- _Task details_
The whole listing below, with no pictures, is to be repeated as it stands.

- _Given information_
+ + + + + + +
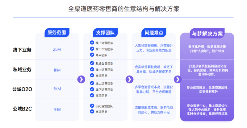 携手平台、工业、及专业伙伴,以运营及信息技术广泛链接并支持医药零售终端,高效地为新时代消费者提供便捷、专业、有效的药学商品与服务。
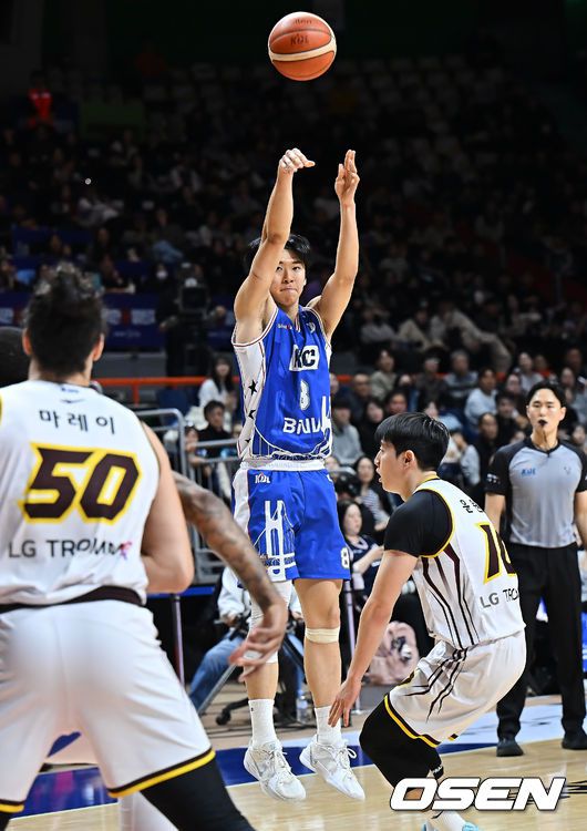 26일 부산 사직체육관에서 2025-2026 LG전자 프로농구 부산 KCC와 창원 LG의 경기가 열렸다. 7연승을 달리고 있는 KCC가 부상 악재 속에서도 허훈을 앞세워 유기상·마레이·타마요가 버티는 챔피언 LG를 상대로 2전3기 끝 승리에 도전한다. 부산 KCC 윤기찬이 창원 LG 윤원상의 마크를 피해 3점슛을 시도하고 있다. 2025.12.26 / fo
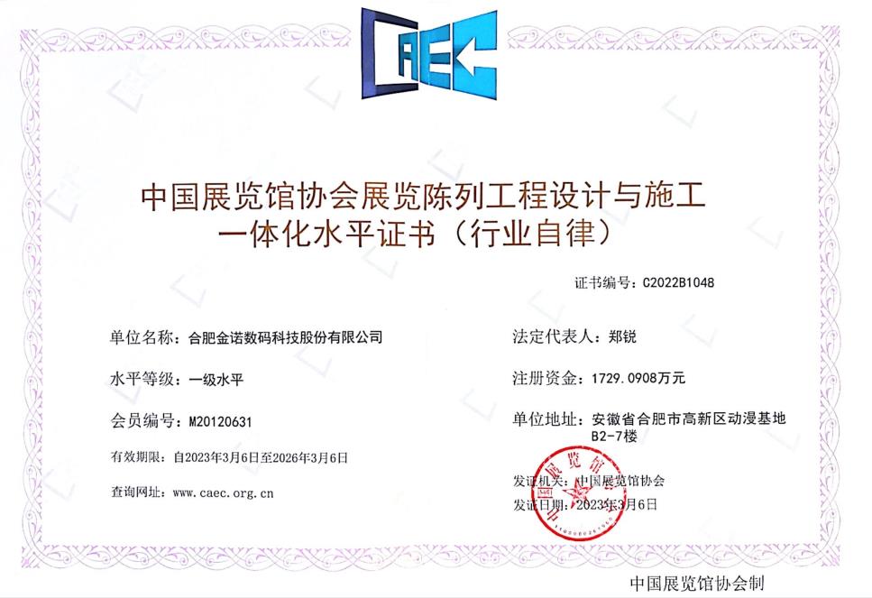 中國展覽館協(xié)會展覽陳列工程設(shè)計與施工一體化水平證書
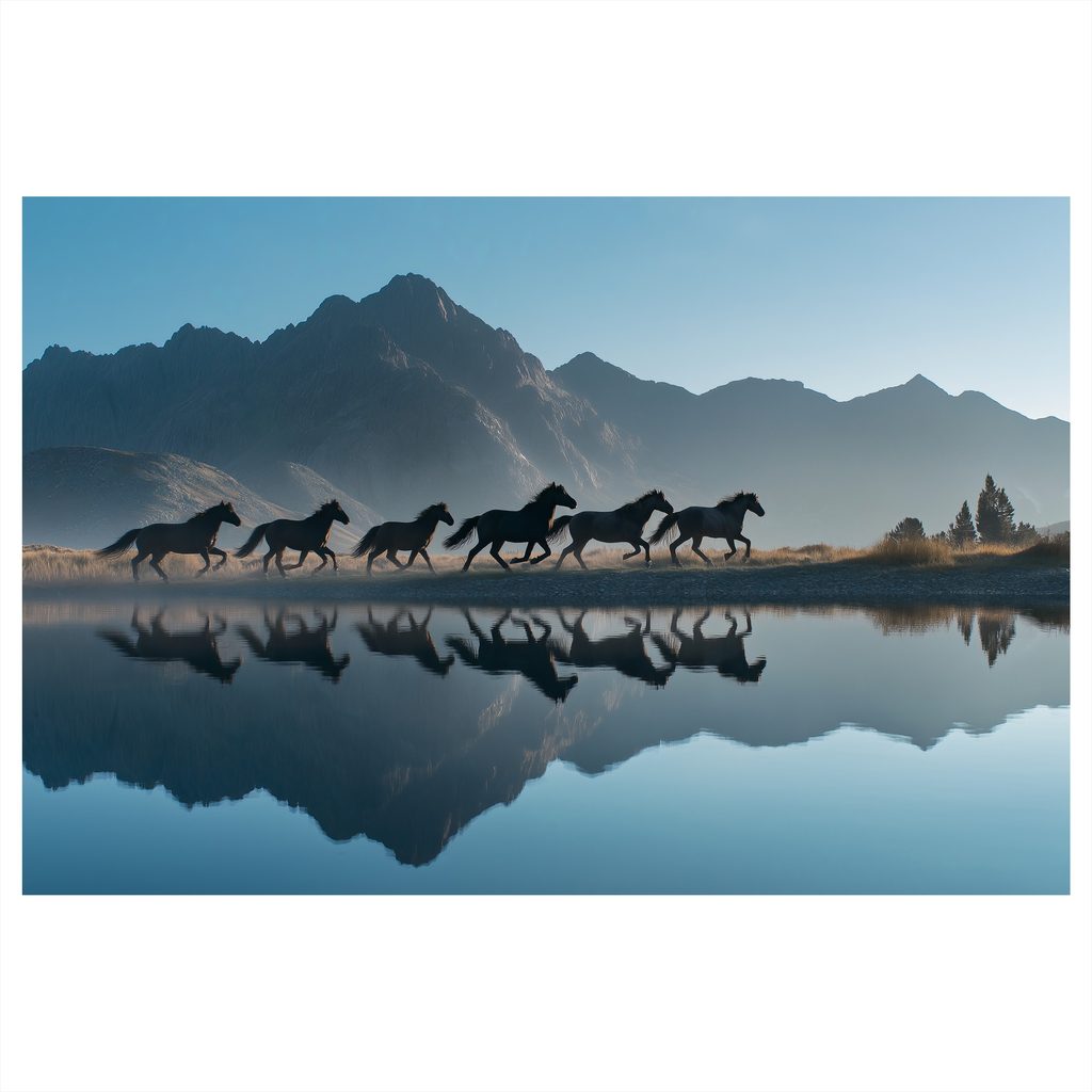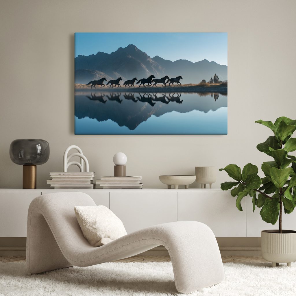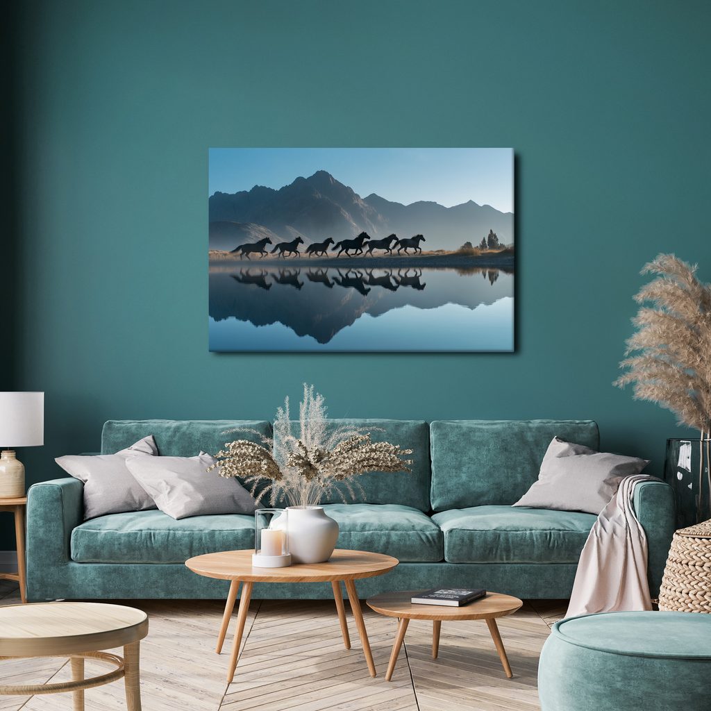 OBRAZ DIVOKÝ BĚH U JEZERA - OBRAZY KONĚ - OBRAZY
+ + + + + + +
- _Reply_
 携手平台、工业、及专业伙伴,以运营及信息技术广泛链接并支持医药零售终端,高效地为新时代消费者提供便捷、专业、有效的药学商品与服务。
 26일 부산 사직체육관에서 2025-2026 LG전자 프로농구 부산 KCC와 창원 LG의 경기가 열렸다. 7연승을 달리고 있는 KCC가 부상 악재 속에서도 허훈을 앞세워 유기상·마레이·타마요가 버티는 챔피언 LG를 상대로 2전3기 끝 승리에 도전한다. 부산 KCC 윤기찬이 창원 LG 윤원상의 마크를 피해 3점슛을 시도하고 있다. 2025.12.26 / fo
 中國展覽館協(xié)會展覽陳列工程設(shè)計與施工一體化水平證書
 OBRAZ DIVOKÝ BĚH U JEZERA - OBRAZY KONĚ - OBRAZY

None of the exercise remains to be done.